Here, I'm going off memory, but White students typically attended schools that were 80% White, while Black and Hispanic students attended schools that were roughly 50% Black or Hispanic. The schools imposed target racial compositions to combat this. One parent sued when her daughter couldn't attend the school of her choice, and her right to do so was upheld by the Supreme Court. To people of color, it's impossible to say that this particular parent was openly racist, but when you essentially have richer White folks fleeing schools where there are many students of color, we have to wonder. We wonder if White folks are thinking, deep down inside, "There's too many Latinos there." And we worry that when they leave, they'll take their financial resources and political clout with them.

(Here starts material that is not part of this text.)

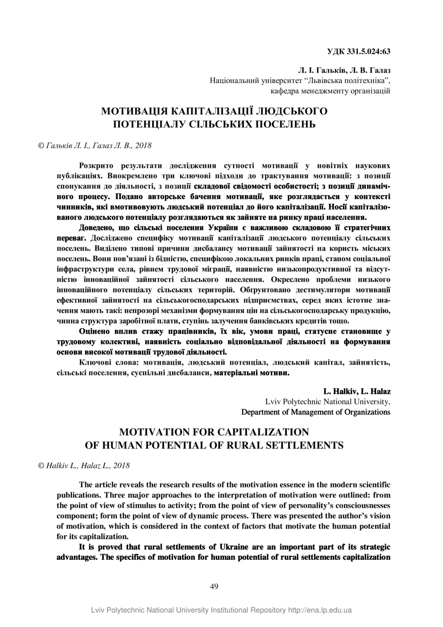 Гальків Л. І. Мотивація капіталізації людського потенціалу сільських поселень / Л. І. Гальків, Л. В. Галаз // Вісник Національного університету “Львівська політехніка”. Серія: Проблеми економіки та управління. — Львів : Видавництво Львівської політехніки, 2018. — № 897, випуск 2. — С. 49–56. — (Проблеми управління).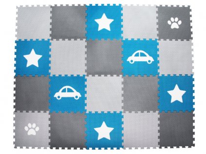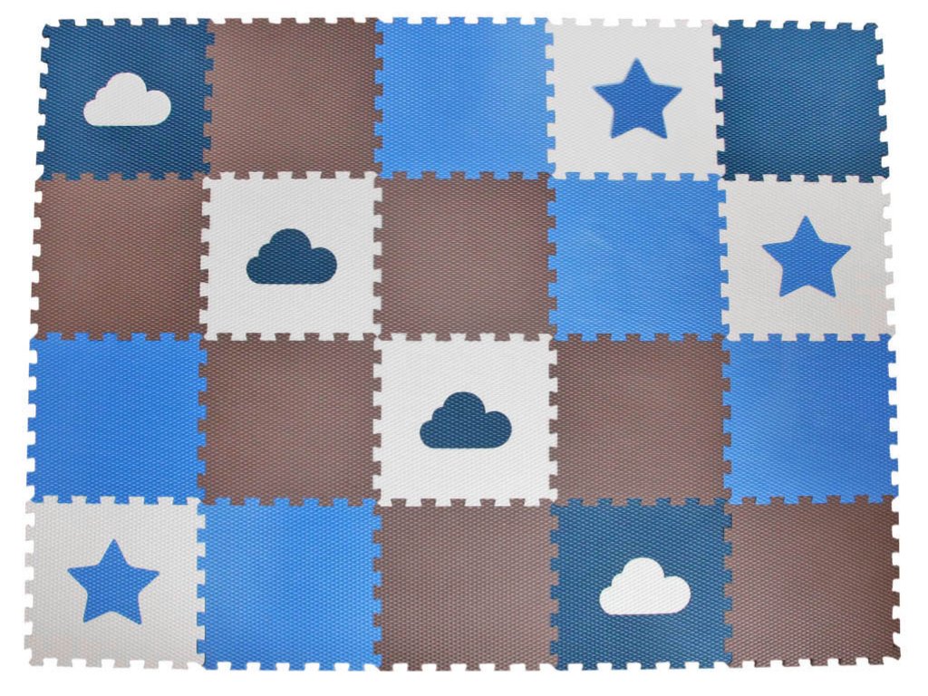 | Sada obsahuje: | 20 pěnových puzzle podložek (7 tmavě hnědých puzzlí, 5 modrých puzzlí, 1 tmavě modrá puzzle, 3 bílá puzzle s modrou hvězdou, 2 bílé puzzle s tmavě modrým mrakem, 2 tmavě modré puzzle s bílým mrakem) |

And, by the way, I would be reluctant to put my kids in schools that were majority Black or Hispanic. Yes, that's racist, and part of the issue is that I've absorbed, just by being in the US, the stereotypes against Hispanics and Blacks. And the other part of the issue is that if the school is majority Black or Hispanic, how good is the education? Is the school board devoting enough resources there? Or are the rich White parents managing to siphon away funds for their majority White schools, using their greater political influence? We can get rid of that problem, at least, by integrating the school system.

In this article, Deborah Stallworth, who sued successfully in 2000 to stop bussing (bussing students to schools where they met people of other races), said, "We send children to school to be educated, not as a social experiment."

She is wrong, and she is an idiot. If you don't meet and interact with people who are different from you, then you cannot possibly call yourself educated. You don't have to like them. You don't have to end up dating them. But you have to learn that you have prejudices, and you have to learn to put them aside, because you will be working with people of color (and LGBTs, and people with disabilities, etc) in the workforce. It is not pleasant to deal with people in an integrated workforce who have never dealt with people of color as equals. And if such people make it to management positions, you get a de facto segregated workforce. And they will de facto segregate the workforce, while saying "it shouldn't matter what color your skin is." Kathleen Brose, one of the Seattle parents who sued her school district, said, "I believed so much in what we are doing, I just felt we had to win. The goal here is to make sure all kids have access to great schools." She can continue to think that, but the fact is that increasing racial segregation in schools will, in this economic climate, slowly but surely lead to worse schools for minorities (especially African-Americans and Hispanics).

Ever since Alito and Roberts were nominated to the Court, liberals have lost most fights. Stephen Breyer was reportedly rolling his eyes and shaking his head as Roberts read the ruling.

``So few,'' Breyer said, ``have so quickly changed so much.'' He ended his dissent, saying that ``this is a decision that the court and the nation will come to regret.''


However, Senator Ted Kennedy reminds us that the Court did not close the door on racial integration completely. Here's an excerpt from his opinion piece in the Seattle PI.

In the more than 50 years since Brown declared that "separate but equal has no place" in our society, voluntary efforts by local school boards have benefited all of us. As explained in a brief to the court in Thursday's cases that was written by more than 500 social scientists, the work of local school boards such as Seattle's to overcome segregation has helped children enjoy the enormous benefits of diversity in education -- including enhanced academic success for African American students, greater parental involvement in public schools and cross-cultural understanding. One of the nation's leading conservative judges, Alexander Kozinski, described Seattle's integration plan as an "eminently sensible" "stirring of the melting pot," which helps children learn how to interact as citizens of our multicultural society. Without integrated schools, children will not learn those important lessons. That would be a far greater harm to society than considering race in order to prevent segregated classes.

It is disappointing that the effective programs in Seattle and Louisville, Ky., have been struck down. Fortunately, in ruling against the voluntary integration programs in Seattle and Louisville, the court did not close the door on all efforts to bring students of all races together in our schools.

Many measures remain available to pursue integration and inclusion in schools, and Congress is not powerless to address the harm that Brown declared unacceptable. We must find new ways to support school districts that want to achieve diversity in public schools. By doing so, we will continue the racial progress of the past 50 years, so that America will truly become one nation, undivided.


George Bush, in the first Presidential debate in 2004, claimed that we needed good judges. John Kerry reminded him that previously, he'd said we needed "good conservative judges." Well, we need good judges of a mix of political persuasions. It's a fantasy to imagine that judges can separate their deeply held beliefs from the law - ambiguous cases like this one will bring those opinons out.